***** Information given *****
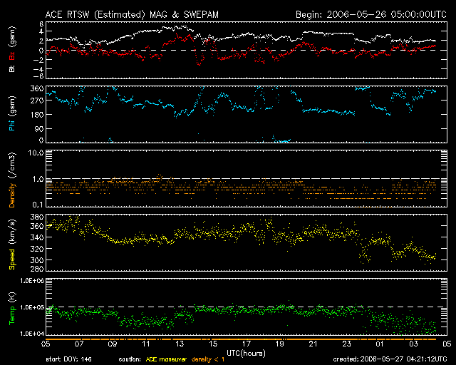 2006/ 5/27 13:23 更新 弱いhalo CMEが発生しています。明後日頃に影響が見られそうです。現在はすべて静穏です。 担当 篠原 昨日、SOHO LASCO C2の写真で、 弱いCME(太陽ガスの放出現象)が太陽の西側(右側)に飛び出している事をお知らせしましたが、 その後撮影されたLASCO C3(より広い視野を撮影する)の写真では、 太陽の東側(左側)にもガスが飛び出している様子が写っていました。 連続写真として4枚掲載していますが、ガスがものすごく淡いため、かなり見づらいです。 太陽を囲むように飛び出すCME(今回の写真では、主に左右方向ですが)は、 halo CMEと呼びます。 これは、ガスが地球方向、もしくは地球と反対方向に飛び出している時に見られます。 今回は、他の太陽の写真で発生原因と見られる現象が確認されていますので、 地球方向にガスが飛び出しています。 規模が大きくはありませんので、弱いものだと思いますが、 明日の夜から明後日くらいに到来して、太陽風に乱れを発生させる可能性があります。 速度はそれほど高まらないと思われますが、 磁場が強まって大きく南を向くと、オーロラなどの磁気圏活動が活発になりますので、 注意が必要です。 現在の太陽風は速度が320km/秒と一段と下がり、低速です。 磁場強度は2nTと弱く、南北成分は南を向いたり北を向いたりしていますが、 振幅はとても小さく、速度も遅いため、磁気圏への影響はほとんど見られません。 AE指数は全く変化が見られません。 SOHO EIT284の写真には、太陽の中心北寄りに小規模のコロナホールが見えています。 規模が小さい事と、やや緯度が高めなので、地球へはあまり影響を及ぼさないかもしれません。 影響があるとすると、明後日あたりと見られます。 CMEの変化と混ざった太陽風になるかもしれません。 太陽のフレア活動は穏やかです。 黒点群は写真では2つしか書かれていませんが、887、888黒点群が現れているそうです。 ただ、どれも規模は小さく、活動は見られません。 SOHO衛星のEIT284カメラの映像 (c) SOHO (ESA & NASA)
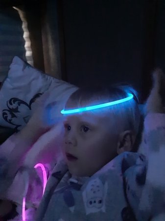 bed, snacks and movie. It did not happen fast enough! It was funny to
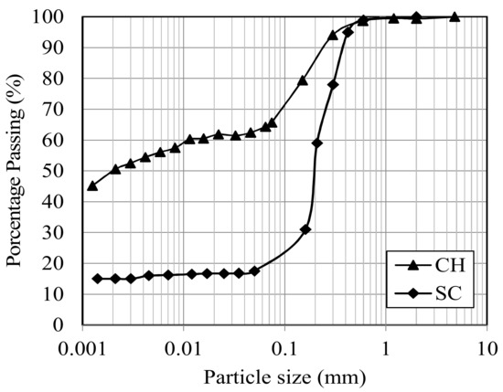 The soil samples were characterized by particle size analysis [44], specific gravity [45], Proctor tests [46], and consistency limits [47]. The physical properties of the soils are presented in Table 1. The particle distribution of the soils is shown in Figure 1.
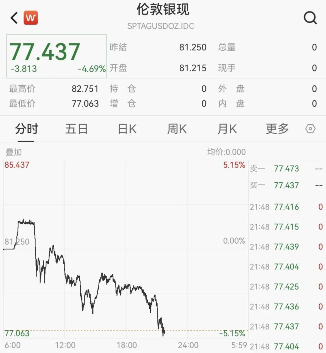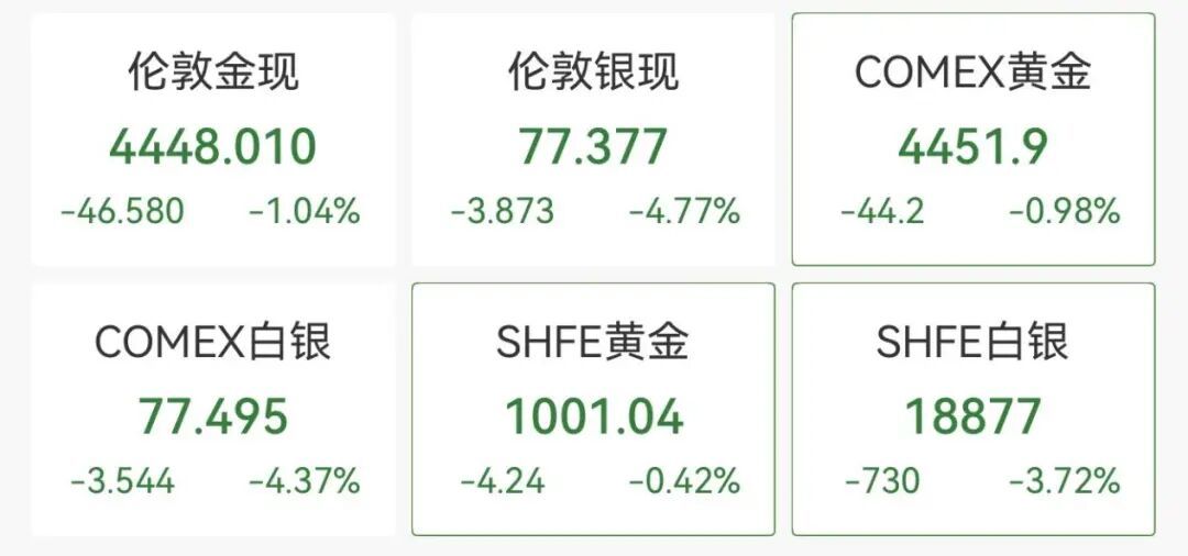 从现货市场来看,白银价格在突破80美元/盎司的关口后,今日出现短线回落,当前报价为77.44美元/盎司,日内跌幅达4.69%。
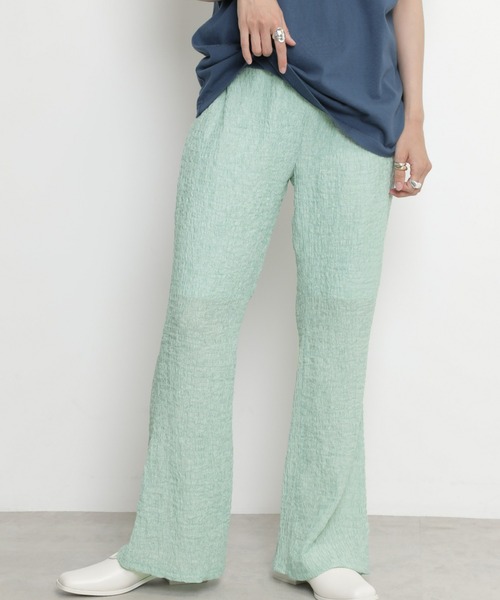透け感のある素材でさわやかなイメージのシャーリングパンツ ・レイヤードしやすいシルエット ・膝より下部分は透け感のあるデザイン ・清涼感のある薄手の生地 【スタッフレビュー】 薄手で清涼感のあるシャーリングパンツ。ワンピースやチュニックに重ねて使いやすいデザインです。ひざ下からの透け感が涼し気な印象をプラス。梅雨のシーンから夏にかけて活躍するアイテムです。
*****
Problem to solve: Every line above must appear in the answer unchanged, and no picture may appear in it.

Solved problem:
 2006/ 5/27 13:23 更新 弱いhalo CMEが発生しています。明後日頃に影響が見られそうです。現在はすべて静穏です。 担当 篠原 昨日、SOHO LASCO C2の写真で、 弱いCME(太陽ガスの放出現象)が太陽の西側(右側)に飛び出している事をお知らせしましたが、 その後撮影されたLASCO C3(より広い視野を撮影する)の写真では、 太陽の東側(左側)にもガスが飛び出している様子が写っていました。 連続写真として4枚掲載していますが、ガスがものすごく淡いため、かなり見づらいです。 太陽を囲むように飛び出すCME(今回の写真では、主に左右方向ですが)は、 halo CMEと呼びます。 これは、ガスが地球方向、もしくは地球と反対方向に飛び出している時に見られます。 今回は、他の太陽の写真で発生原因と見られる現象が確認されていますので、 地球方向にガスが飛び出しています。 規模が大きくはありませんので、弱いものだと思いますが、 明日の夜から明後日くらいに到来して、太陽風に乱れを発生させる可能性があります。 速度はそれほど高まらないと思われますが、 磁場が強まって大きく南を向くと、オーロラなどの磁気圏活動が活発になりますので、 注意が必要です。 現在の太陽風は速度が320km/秒と一段と下がり、低速です。 磁場強度は2nTと弱く、南北成分は南を向いたり北を向いたりしていますが、 振幅はとても小さく、速度も遅いため、磁気圏への影響はほとんど見られません。 AE指数は全く変化が見られません。 SOHO EIT284の写真には、太陽の中心北寄りに小規模のコロナホールが見えています。 規模が小さい事と、やや緯度が高めなので、地球へはあまり影響を及ぼさないかもしれません。 影響があるとすると、明後日あたりと見られます。 CMEの変化と混ざった太陽風になるかもしれません。 太陽のフレア活動は穏やかです。 黒点群は写真では2つしか書かれていませんが、887、888黒点群が現れているそうです。 ただ、どれも規模は小さく、活動は見られません。 SOHO衛星のEIT284カメラの映像 (c) SOHO (ESA & NASA)
 bed, snacks and movie. It did not happen fast enough! It was funny to
 The soil samples were characterized by particle size analysis [44], specific gravity [45], Proctor tests [46], and consistency limits [47]. The physical properties of the soils are presented in Table 1. The particle distribution of the soils is shown in Figure 1.
 从现货市场来看,白银价格在突破80美元/盎司的关口后,今日出现短线回落,当前报价为77.44美元/盎司,日内跌幅达4.69%。
透け感のある素材でさわやかなイメージのシャーリングパンツ ・レイヤードしやすいシルエット ・膝より下部分は透け感のあるデザイン ・清涼感のある薄手の生地 【スタッフレビュー】 薄手で清涼感のあるシャーリングパンツ。ワンピースやチュニックに重ねて使いやすいデザインです。ひざ下からの透け感が涼し気な印象をプラス。梅雨のシーンから夏にかけて活躍するアイテムです。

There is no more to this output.